Rooting Description

Most devices running Android must be rooted in order to install custom versions of the Android system such as CyanogenMod. The stock configuration (unrooted), user-installed applications do not have direct access to the flash memory chip on the device and are not able to replace or modify the operating system itself. Rooting is also necessary for certain applications and widgets that require additional system and hardware rights such as rebooting the phone, certain backup utilities, and other access to other hardware such as status LEDs. Rooting is also needed to disable or remove manufacturer-installed applications such as City ID. Rooting the phone typically also includes installing an application called Superuser that supervises which applications are granted root rights.
In contrast to iOS jailbreaking, rooting is not needed to run applications not distributed by the official Android Market (sometimes referred to as "sideloading"). However some carriers, like AT&T, prevent the installation of applications not on the Android Market in firmware,[2] although the new Samsung Infuse 4G from AT&T allows running applications not downloaded from the market.

As of 2012 the Amazon Kindle Fire is locked to the Amazon app store instead of the Android market, and other vendors of Android devices may lock to other sources in the future. Access to alternate apps may require rooting but rooting is not always necessary. As an example, for the Kindle fire it is possible to load the "easy installer" app from the Amazon app store and then use it to "sideload" apps from any source.

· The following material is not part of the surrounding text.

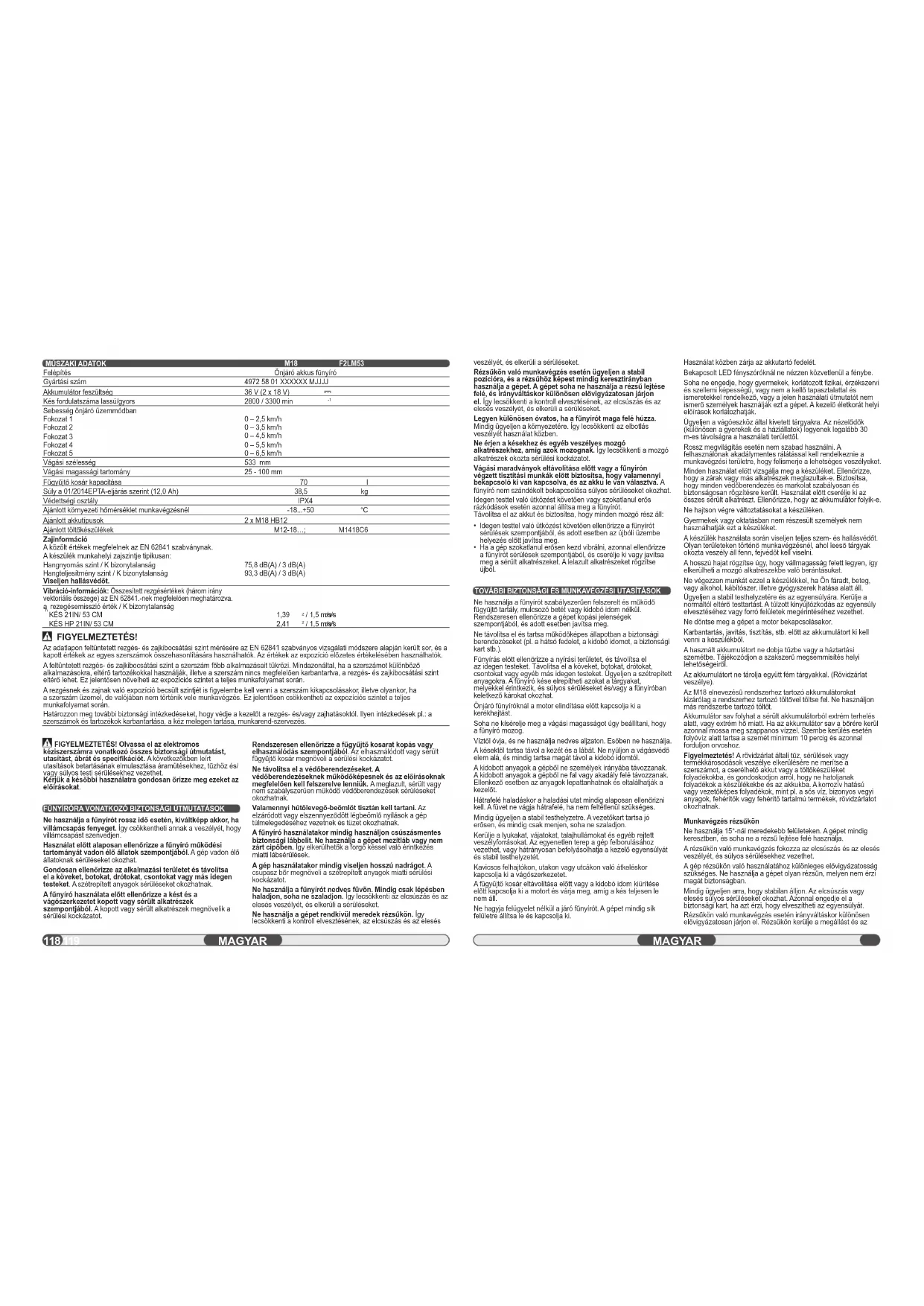 - Ha a gép szokatlanul erősen kezd vibrálni, azonnal ellenőrizze a fűnyírót sérülések szempontjából, és cserélje ki vagy javítsa meg a sérült alkatrészeket. A lelazult alkatrészeket rögzítse újból. TOVÁBBI BIZTONSÁGI ÉS MUNKAVÉGZÉSI UTASÍTÁSOK Ne használja a fűnyírót szabályszerűen felszerelt és működő fűgyűjtő tartály, mulcsozó betét vagy kidobó idom nélkül. Rendszeresen ellenőrizze a gépet kopási jelenségek szempontjából, és adott esetben javítsa meg. Ne távolítsa el és tartsa működőképes állapotban a biztonsági berendezéseket (pl. a hátsó fedelet, a kidobó idomot, a biztonsági kart stb.). Fűnyírás előtt ellenőrizze a nyírási területet, és távolítsa el az idegen testeket. Távolítsa el a köveket, botokat, drótokat, csontokat vagy egyéb más idegen testeket. Ügyeljen a szétrepített anyagokra. A fűnyíró kése elrepítheti azokat a tárgyakat, melyekkel érintkezik, és súlyos sérüléseket és/vagy a fűnyíróban keletkező károkat okozhat. Önjáró fűnyíróknál a motor elindítása előtt kapcsolja ki a kerékhajtást. Soha ne kísérelje meg a vágási magasságot úgy beállítani, hogy a fűnyíró mozog. Víztől óvja, és ne használja nedves aljzaton. Esőben ne használja. A késektől tartsa távol a kezét és a lábát. Ne nyúljon a vágásvédő elem alá, és mindig tartsa magát távol a kidobó idomtól. A kidobott anyagok a gépből ne személyek irányába távozzanak. A kidobott anyagok a gépből ne fal vagy akadály felé távozzanak. Ellenkező esetben az anyagok lepattanhatnak és eltalálhatják a kezelőt. Hátrafelé haladáskor a haladási utat mindig alaposan ellenőrizni kell. A füvet ne vágja hátrafelé, ha nem feltétlenül szükséges. Mindig ügyeljen a stabil testhelyzetre. A vezetőkart tartsa jó erősen, és mindig csak menjen, soha ne szaladjon. Kerülje a lyukakat, vájatokat, talajhullámokat és egyéb rejtett veszélyforrásokat. Az egyenetlen terep a gép felborulásához vezethet, vagy hátrányosan befolyásolhatja a kezelő egyensúlyát és stabil testhelyzetét. Kavicsos felhajtókon, utakon vagy utcákon való átkeléskor kapcsolja ki a vágószerkezetet. A fűgyűjtő kosár eltávolítása előtt vagy a kidobó idom kiürítése előtt kapcsolja ki a motort és várja meg, amíg a kés teljesen le nem áll. Ne hagyja felügyelet nélkül a járó fűnyírót. A gépet mindig sík felületre állítsa le és kapcsolja ki. Használat közben zárja az akkutartó fedelét. Bekapcsolt LED fényszóróknál ne nézzen közvetlenül a fénybe. Soha ne engedje, hogy gyermekek, korlátozott fi zikai, érzékszervi és szellemi képességű, vagy nem a kellő tapasztalattal és ismeretekkel rendelkező, vagy a jelen használati útmutatót nem ismerő személyek használják ezt a gépet. A kezelő életkorát helyi előírások korlátozhatják. Ügyeljen a vágóeszköz által kivetett tárgyakra. Az nézelődők (különösen a gyerekek és a háziállatok) legyenek legalább 30 m-es távolságra a használati területtől. Rossz megvilágítás esetén nem szabad használni. A felhasználónak akadálymentes rálátással kell rendelkeznie a munkavégzési területre, hogy felismerje a lehetséges veszélyeket. Minden használat előtt vizsgálja meg a készüléket. Ellenőrizze, hogy a zárak vagy más alkatrészek meglazultak-e. Biztosítsa, hogy minden védőberendezés és markolat szabályosan és biztonságosan rögzítésre került. Használat előtt cserélje ki az összes sérült alkatrészt. Ellenőrizze, hogy az akkumulátor folyik-e. Ne hajtson végre változtatásokat a készüléken. Gyermekek vagy oktatásban nem részesült személyek nem használhatják ezt a készüléket. A készülék használata során viseljen teljes szem- és hallásvédőt. Olyan területeken történő munkavégzésnél, ahol leeső tárgyak okozta veszély áll fenn, fejvédőt kell viselni. A hosszú hajat rögzítse úgy, hogy vállmagasság felett legyen, így elkerülheti a mozgó alkatrészekbe való berántásukat. Ne végezzen munkát ezzel a készülékkel, ha Ön fáradt, beteg, vagy alkohol, kábítószer, illetve gyógyszerek hatása alatt áll. Ügyeljen a stabil testhelyzetére és az egyensúlyára. Kerülje a normáltól eltérő testtartást. A túlzott kinyújtózkodás az egyensúly elvesztéséhez vagy forró felületek megérintéséhez vezethet. Ne döntse meg a gépet a motor bekapcsolásakor. Karbantartás, javítás, tisztítás, stb. előtt az akkumulátort ki kell venni a készülékből. A használt akkumulátort ne dobja tűzbe vagy a háztartási szemétbe. Tájékozódjon a szakszerű megsemmisítés helyi lehetőségeiről. Az akkumulátort ne tárolja együtt fém tárgyakkal. (Rövidzárlat veszélye). Az M18 elnevezésű rendszerhez tartozó akkumulátorokat kizárólag a rendszerhez tartozó töltővel töltse fel. Ne használjon más rendszerbe tartozó töltő

One of the potential downsides to rooting is some phone makers consider it to be "modifying" the phone, which may void the warranty.  However, if the phone is un-rooted before the user tries to use his or her warranty, there is no easy way for the warranty provider to know that the phone was previously rooted.  The term "bricking" is used to describe a device which has had its software modified improperly to the point where it is no longer functioning.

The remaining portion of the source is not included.